DefaultCore.doGlobalCommit执行全局事务提交核心逻辑,如果二阶段提交失败,会重试至成功为止。

如果所有分支事务都是AT模式,这个方法会被异步调用,因为AT模式下在释放完全局锁后,全局事务和分支事务只是做数据清理工作,比如删除global_table、branch_table、undo_log。

如果考虑分支事务是TCC模式,这个方法将被同步调用,如果中间存在分支事务提交失败,会异步重试直至成功。

如果AT模式和TCC模式混合使用,AT模式的分支事务会在异步任务中再次执行doGlobalCommit异步提交,TCC模式的分支事务还是会在第一次调用doGlobalCommit时同步提交。

// DefaultCore
public boolean doGlobalCommit(GlobalSession globalSession, boolean retrying) throws TransactionException {
    boolean success = true;
    if (globalSession.isSaga()) {
        success = getCore(BranchType.SAGA).doGlobalCommit(globalSession, retrying);
    } else {
        Boolean result = SessionHelper.forEach(globalSession.getSortedBranches(), branchSession -> {
            // AT模式和TCC模式共存的情况下,AT模式跳过同步提交,只对TCC模式分支事务同步提交
            if (!retrying && branchSession.canBeCommittedAsync()) {
                return CONTINUE;
            }
            try {
                // Step1 发送BranchCommitRequest给RM,AT模式RM会删除undo_log,TCC模式RM执行二阶段提交
                BranchStatus branchStatus = getCore(branchSession.getBranchType()).branchCommit(globalSession, branchSession);
                switch (branchStatus) {
                    case PhaseTwo_Committed:
                        // Step2 删除branch_table中的分支事务记录
                        SessionHelper.removeBranch(globalSession, branchSession, !retrying);
                        return CONTINUE;
                    case PhaseTwo_CommitFailed_Unretryable: // 不可重试(XA中有实现)
                        return false;

                    default:
                        if (!retrying) {
                            // 更新全局事务为二阶段提交重试状态,异步重试至成功位置
                            globalSession.queueToRetryCommit();
                            return false;
                        }
                        if (globalSession.canBeCommittedAsync()) {
                            return CONTINUE;
                        } else {
                            return false;
                        }
                }
            } catch (Exception ex) {
                if (!retrying) {

                    globalSession.queueToRetryCommit();
                    throw new TransactionException(ex);
                }
            }
            // 某个分支事务处理失败,继续处理后续分支事务
            return CONTINUE;
        });
        // 如果是同步提交,某个分支事务处理失败,直接返回false
        if (result != null) {
            return result;
        }
        if (globalSession.hasBranch() && !globalSession.canBeCommittedAsync()) {
            return false;
        }
        if (!retrying) {
            globalSession.setStatus(GlobalStatus.Committed);
        }
    }
    if (success && globalSession.getBranchSessions().isEmpty()) {
        // Step3 删除全局事务 delete from global_table where xid = ?
        SessionHelper.endCommitted(globalSession, retrying);
    }
    return success;
}

这里再考虑一个问题,如果TCC分支事务是LocalTCC注解标识的资源,那么分支事务BranchSession注册和提交是在同一个服务中,如果TCC分支事务是像DubboRPC一样的资源,分支事务BranchSession是由ReferenceBean客户端注册的,而分支事务提交是由ServiceBean服务提供方提交的。

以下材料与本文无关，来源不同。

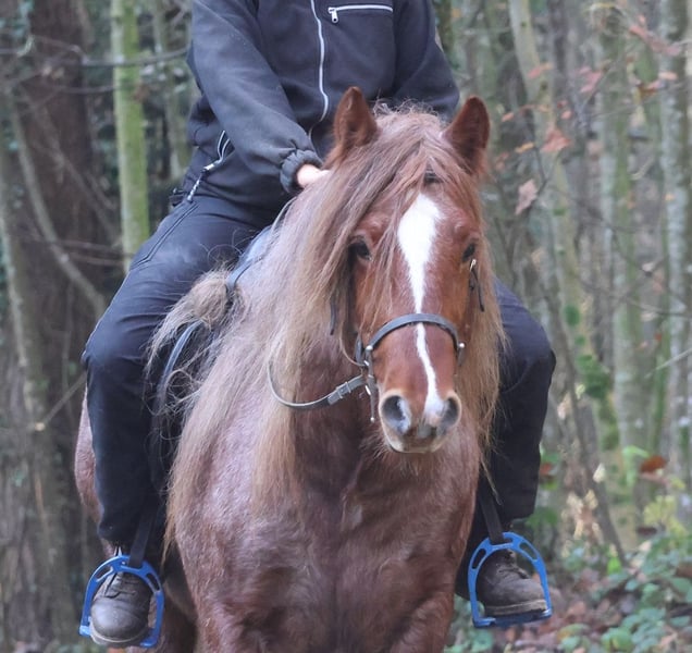 JJ ist ein lieber, eher gemütlicher Wallach, Stm. ca. 144 cm, 4,5-jährig Er wird bei uns regelmässig im Gelände Geritten.

对于前者LocalTCC还比较好理解,LocalTCC注册和提交BranchSession是同一个服务实例,注册时BranchSession就携带了当前服务实例的相关信息,比如applicationId、ip、port;但是Dubbo这种怎么做呢,只能通过资源注册时的resourceId(actionName)才能定位到,但是也不是BranchSession注册时的那个应用。

// AbstractCore
protected BranchStatus branchCommitSend(BranchCommitRequest request, GlobalSession globalSession,
                                        BranchSession branchSession) throws IOException, TimeoutException {
    BranchCommitResponse response = (BranchCommitResponse) remotingServer.sendSyncRequest(
            branchSession.getResourceId(), branchSession.getClientId(), request);
    return response.getBranchStatus();
}

// AbstractNettyRemotingServer
public Object sendSyncRequest(String resourceId, String clientId, Object msg) throws TimeoutException {
    // 定位客户端Channel
    Channel channel = ChannelManager.getChannel(resourceId, clientId);
    if (channel == null) {
        throw new RuntimeException("rm client is not connected. dbkey:" + resourceId + ",clientId:" + clientId);
    }
    RpcMessage rpcMessage = buildRequestMessage(msg, ProtocolConstants.MSGTYPE_RESQUEST_SYNC);
    return super.sendSync(channel, rpcMessage, NettyServerConfig.getRpcRequestTimeout());
}

关注ChannelManager.getChannel方法,入参resourceId就是TCC资源的actionName,clientId是applicationId+ip+port拼接而成的字符串,由BranchSession注册时RM给到。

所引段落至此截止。